Look at the log, the "controlSocket read error" happens occasionally
(transient network errors), and the logsender normally recovers from that.
But what is different in this case "NetSAccept failed", and the logsender
does not recover from that.
The first question is why NetSAccept fails, and whether that is a bug in
the logsender, or a resource problem on the server itself.
The second question is why the whole logsender dies, and why it does not
retry and re-enter the main server loop after some delay.
The third question is how one would monitor a logsender and keep it
running.

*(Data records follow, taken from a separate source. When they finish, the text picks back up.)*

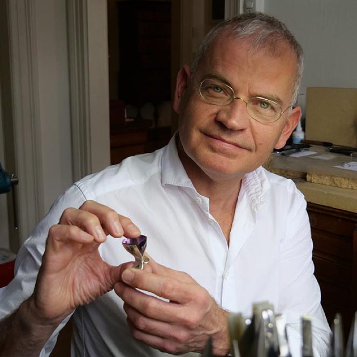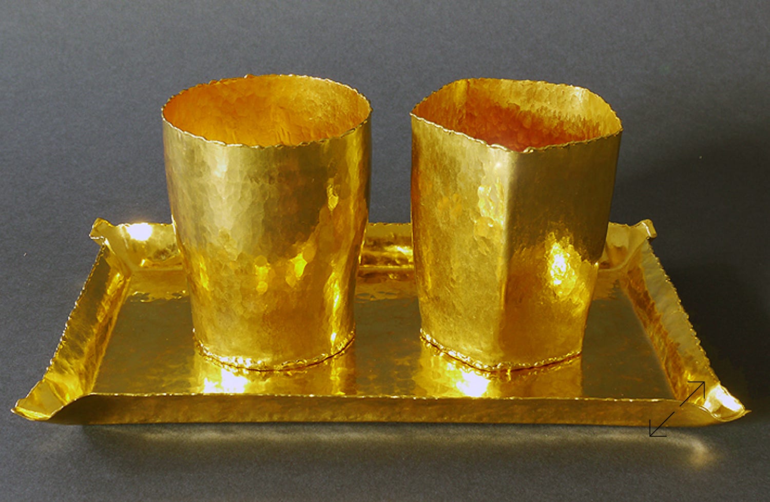 Für seine eigenen Kreationen benützt er ausschliesslich reinste Edelmetalle: 24-karätiges Gold, Silber 999 und Platin.
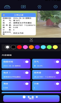 实时更新:水印可自动更新为实时的日期、地点、天气等信息,经纬度、海拔、速度、分贝也能记录;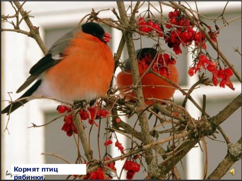 Наступил зимние деньки.Прыгают по дороге воробей, ищет крошки. Мёрзнет зи-мующие птицы.
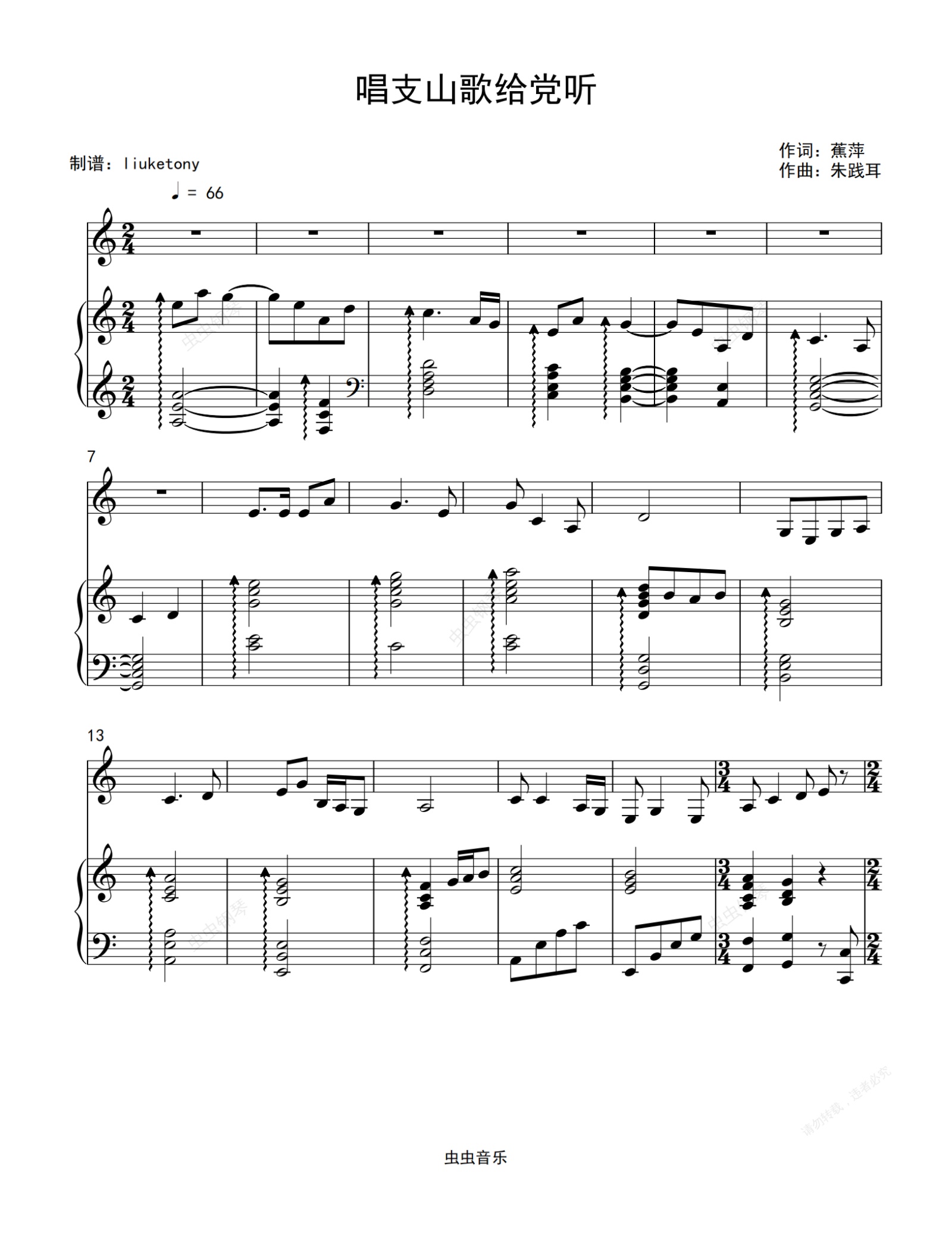 钢琴谱:唱支山歌给党听 - 韩红 钢琴伴奏谱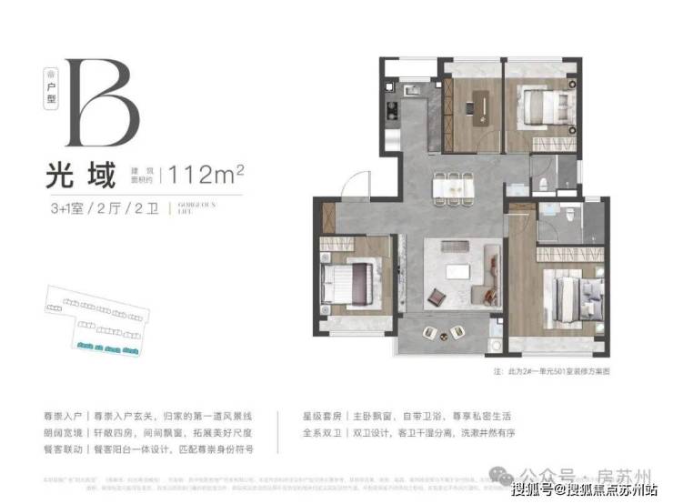 户型设计却非常神,罕见做到3房2卫,居住体验赶超高层110平+户型;
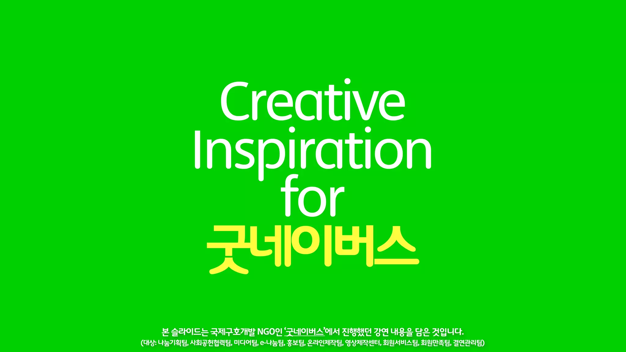 본 슬라이드는 2013년 5월 30일, 국제구호개발 NGO인 ‘굿네이버스’에서 진행했던 강연 내용을 담은 것입니다. (대상: 나눔기획팀, 사회공헌협력팀, 미디어팀, e-나눔팀, 홍보팀, 온라인제작팀, 영상제작센터, 회원서비스팀, 회원만족팀, 결연관리팀)
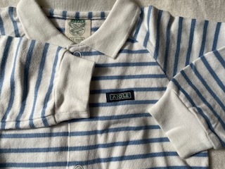 > エーグル★長袖シャツ★24month/90cm★白×水色★胸ロゴワッペン★AIGLE m

Because the logsender process is not a descendant of the
startlogsender process, tools like Daemontools, Upstart, or Systemd can
not be used to transform the startlogsender invocation into a process that
is monitored the traditional way.
Would it be OK to just re-run startlogsender every now and then, and if
logsender is running, that will fail, or if logsender died, that would
start a new one?
Re: Logsender dies - how would one monitor and restart it?

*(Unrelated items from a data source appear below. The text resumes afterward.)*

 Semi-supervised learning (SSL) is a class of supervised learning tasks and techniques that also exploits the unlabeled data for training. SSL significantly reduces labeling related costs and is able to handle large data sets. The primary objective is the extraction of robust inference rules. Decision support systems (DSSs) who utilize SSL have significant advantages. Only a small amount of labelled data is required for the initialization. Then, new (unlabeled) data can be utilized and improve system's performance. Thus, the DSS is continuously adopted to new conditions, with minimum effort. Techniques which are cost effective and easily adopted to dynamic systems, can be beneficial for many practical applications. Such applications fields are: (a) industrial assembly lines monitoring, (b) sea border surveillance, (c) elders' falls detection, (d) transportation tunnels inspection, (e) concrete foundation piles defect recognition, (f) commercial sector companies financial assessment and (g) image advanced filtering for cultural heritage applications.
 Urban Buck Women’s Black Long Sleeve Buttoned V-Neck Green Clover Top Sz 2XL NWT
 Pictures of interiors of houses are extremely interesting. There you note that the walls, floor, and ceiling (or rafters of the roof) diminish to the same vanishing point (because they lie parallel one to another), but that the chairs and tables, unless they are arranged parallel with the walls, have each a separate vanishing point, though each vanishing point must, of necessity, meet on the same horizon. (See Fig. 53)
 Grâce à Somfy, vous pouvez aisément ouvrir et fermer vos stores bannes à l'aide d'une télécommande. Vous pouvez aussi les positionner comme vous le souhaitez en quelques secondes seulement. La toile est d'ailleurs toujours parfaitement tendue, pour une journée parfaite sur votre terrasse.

On the topic of running a logsender and logreceiver under Unix process
supervisors such as Daemontools:
It seems that startlogsender is just a thin wrapper that forks, background
itself, and then executes $GEMSTONE/bin/gem logsender with the remaining
That kind of backgrounding is problematic when running under process
supervisors, since they tend to assume that the service they manage has
died and needs restarting when the process they spawned quits.
One way around that is just to run "$GEMSTONE/bin/gem logsender ..."
directly under the process supervisor, but that would be an undocumented
usage of GemStone binaries.
Am I correct in my understanding that this is all startlogsender does, or
is there crucial logic that is sidestepped when running "$GEMSTONE/bin/gem
logsender ..." directly?
All my questions apply in the same way to startlogreceiver as well.